#### ABOUT THIS EXERCISE:
Please repeat the records exactly, keeping the pictures out.

[Opening RECORDS SHOWN section]

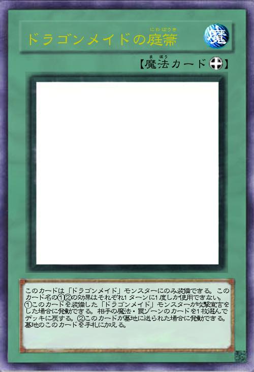 | このカードは「ドラゴンメイド」モンスターにのみ装備できる。このカード名の①②の効果はそれぞれ1ターンに1度しか使用できない。①このカードを装備した「ドラゴンメイド」モンスターが攻撃宣言をした場合に発動できる。相手の魔法・罠ゾーンのカードを1枚選んでデッキに戻する。②このカードが墓地に送られた場合に発動できる。墓地のこのカードを手札に加える。 | |||
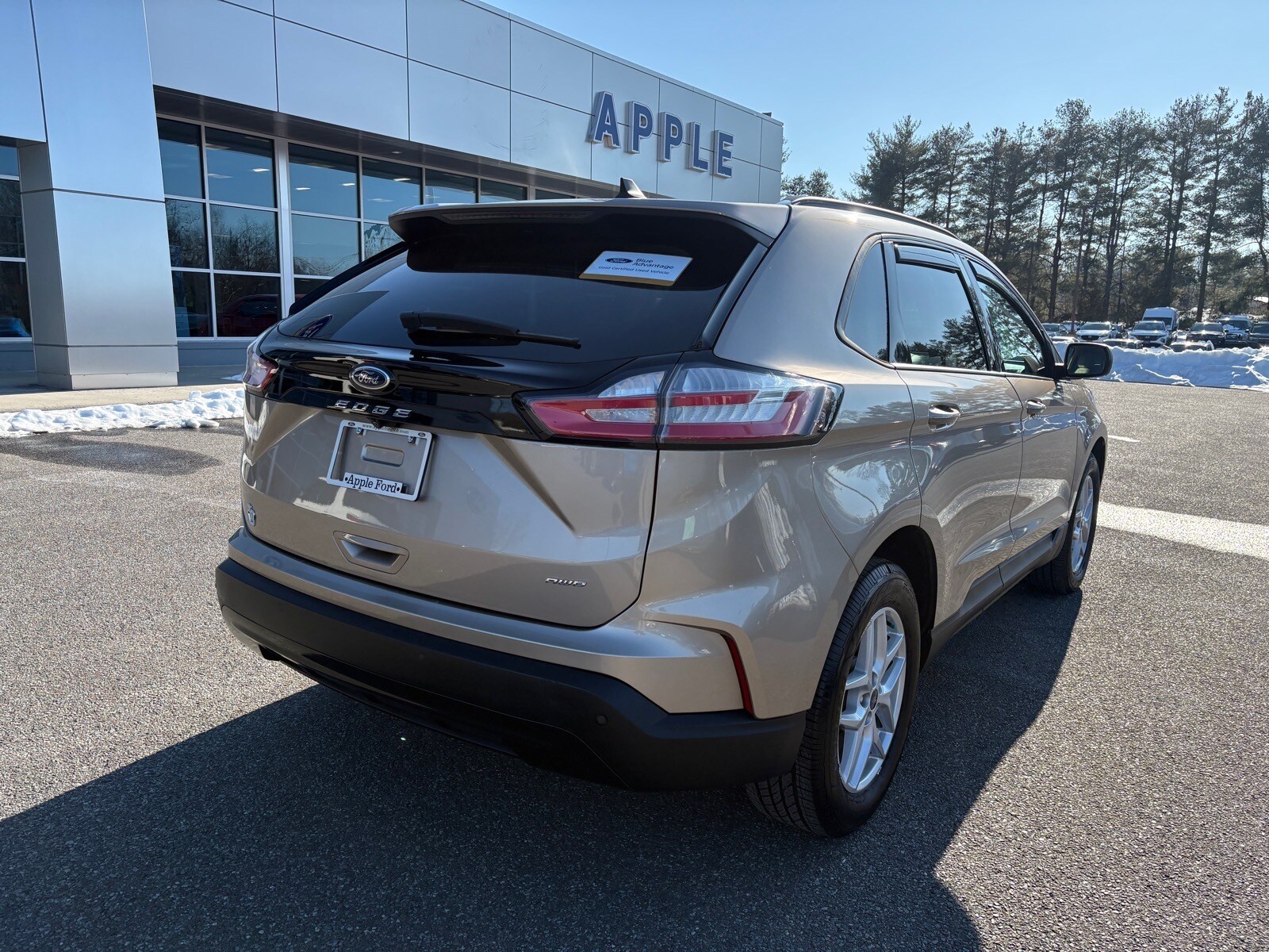 Desert Gold 2021 Ford Edge SE AWD 8-Speed Automatic EcoBoost 2.0L I4 GTDi DOHC Turbocharged VCT AWD. Priced below KBB Fair Purchase Price! Odometer is 11993 miles below market average! 21/28 City/Highway MPG.
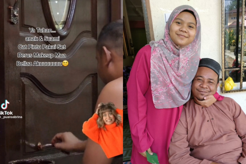 Ramai netizen terhibur melihat gelagat suami dan anak tersebut selamba mengecat pintu rumah menggunakan berus mekapnya.
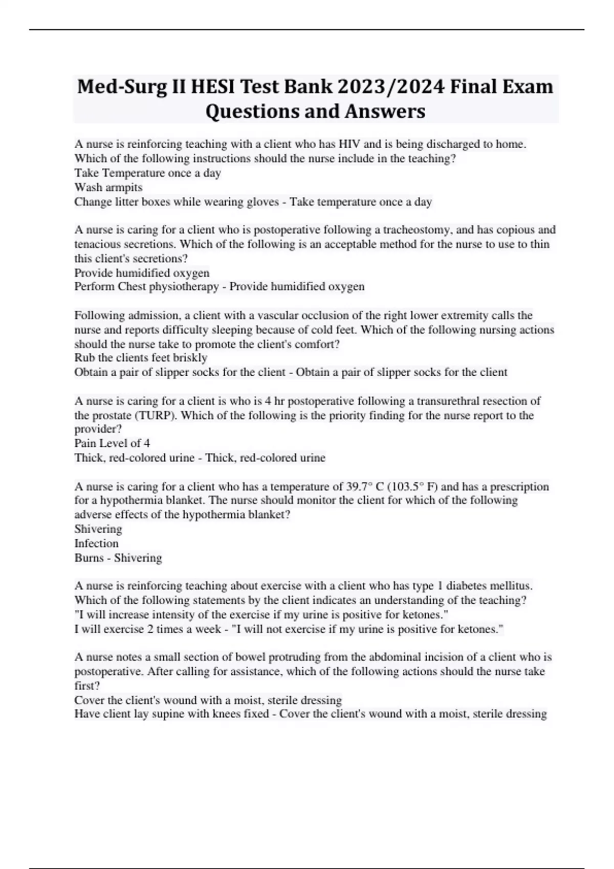 Med-Surg II HESI Test Bank 2023/2024 Final Exam Questions and Answers
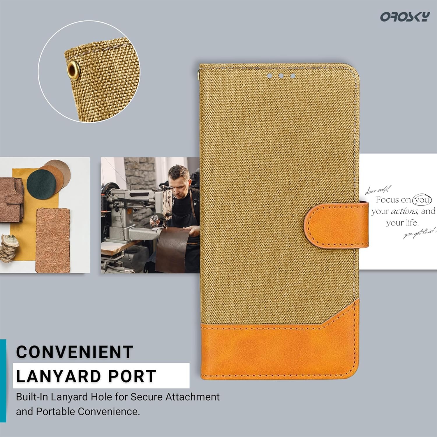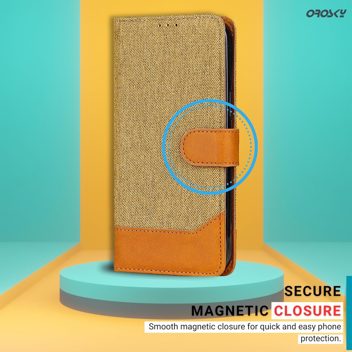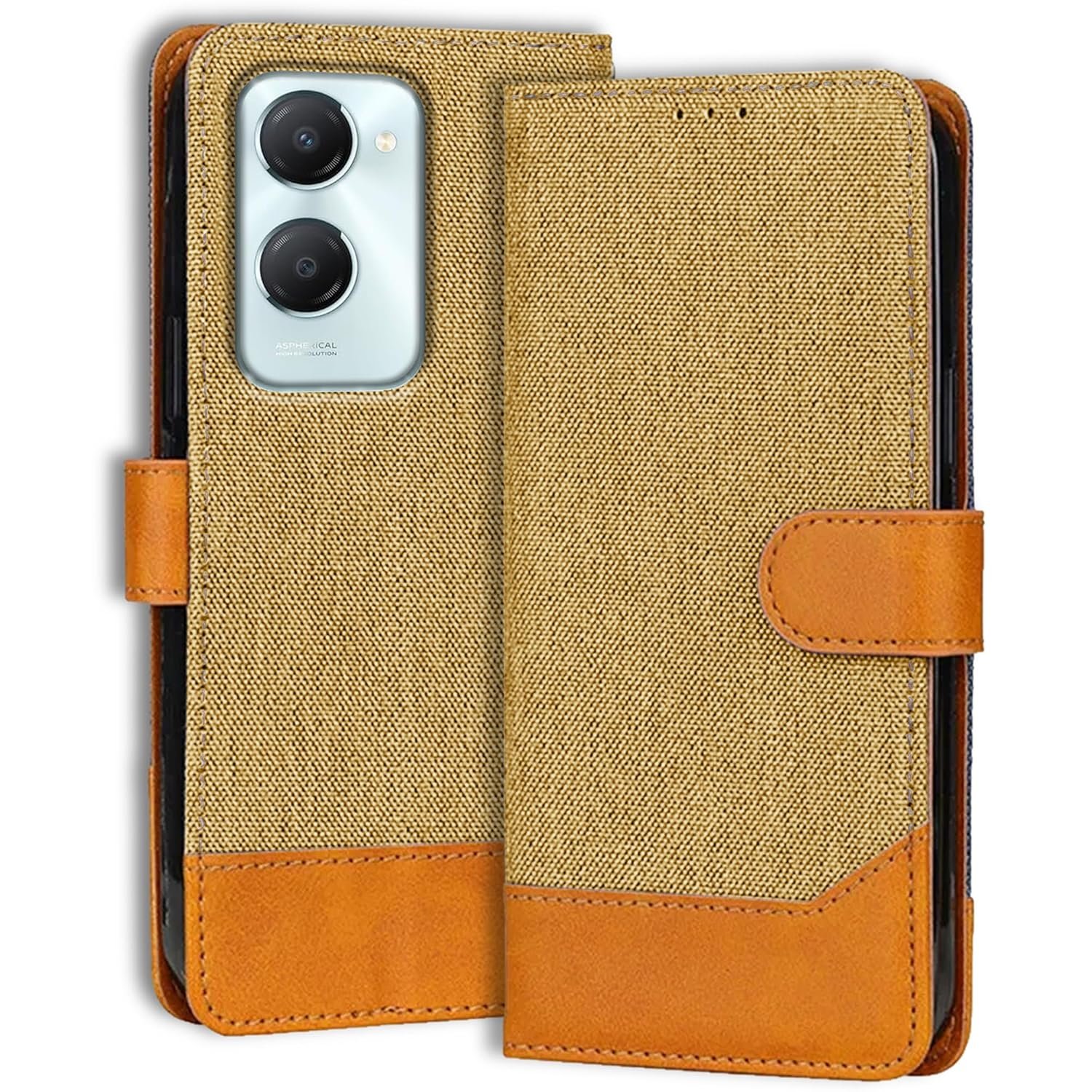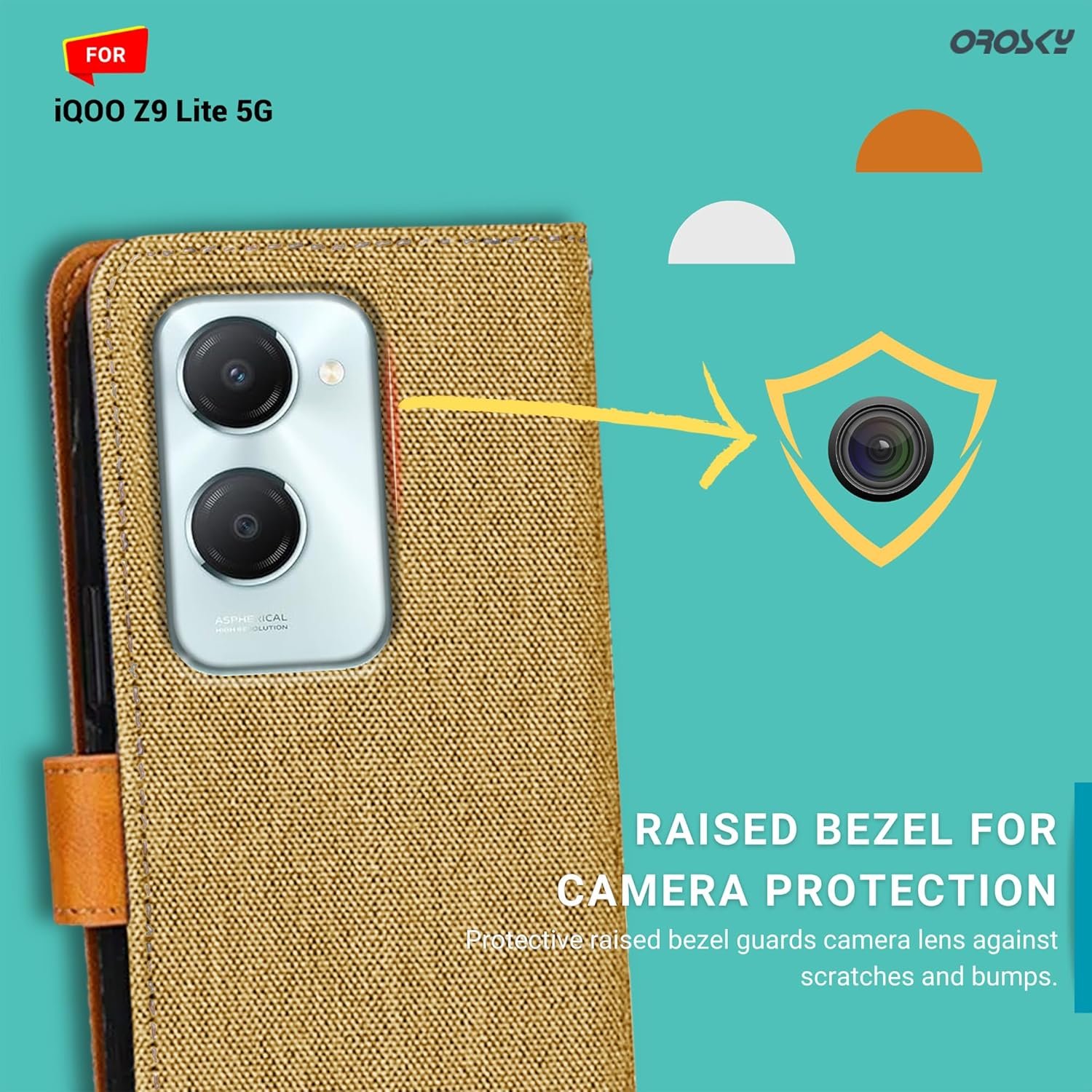 Orosky Flip Cover for iQOO Z9 Lite 5G | Two-Tone Denim Fabric | Business Card Storage | Shockproof Design | Executive Case for iQOO Z9 Lite 5G (Light Brown)

[Closing RECORDS SHOWN section]

#### TASK OUTPUT:
 | このカードは「ドラゴンメイド」モンスターにのみ装備できる。このカード名の①②の効果はそれぞれ1ターンに1度しか使用できない。①このカードを装備した「ドラゴンメイド」モンスターが攻撃宣言をした場合に発動できる。相手の魔法・罠ゾーンのカードを1枚選んでデッキに戻する。②このカードが墓地に送られた場合に発動できる。墓地のこのカードを手札に加える。 | |||
 Desert Gold 2021 Ford Edge SE AWD 8-Speed Automatic EcoBoost 2.0L I4 GTDi DOHC Turbocharged VCT AWD. Priced below KBB Fair Purchase Price! Odometer is 11993 miles below market average! 21/28 City/Highway MPG.
 Ramai netizen terhibur melihat gelagat suami dan anak tersebut selamba mengecat pintu rumah menggunakan berus mekapnya.
 Med-Surg II HESI Test Bank 2023/2024 Final Exam Questions and Answers
 Orosky Flip Cover for iQOO Z9 Lite 5G | Two-Tone Denim Fabric | Business Card Storage | Shockproof Design | Executive Case for iQOO Z9 Lite 5G (Light Brown)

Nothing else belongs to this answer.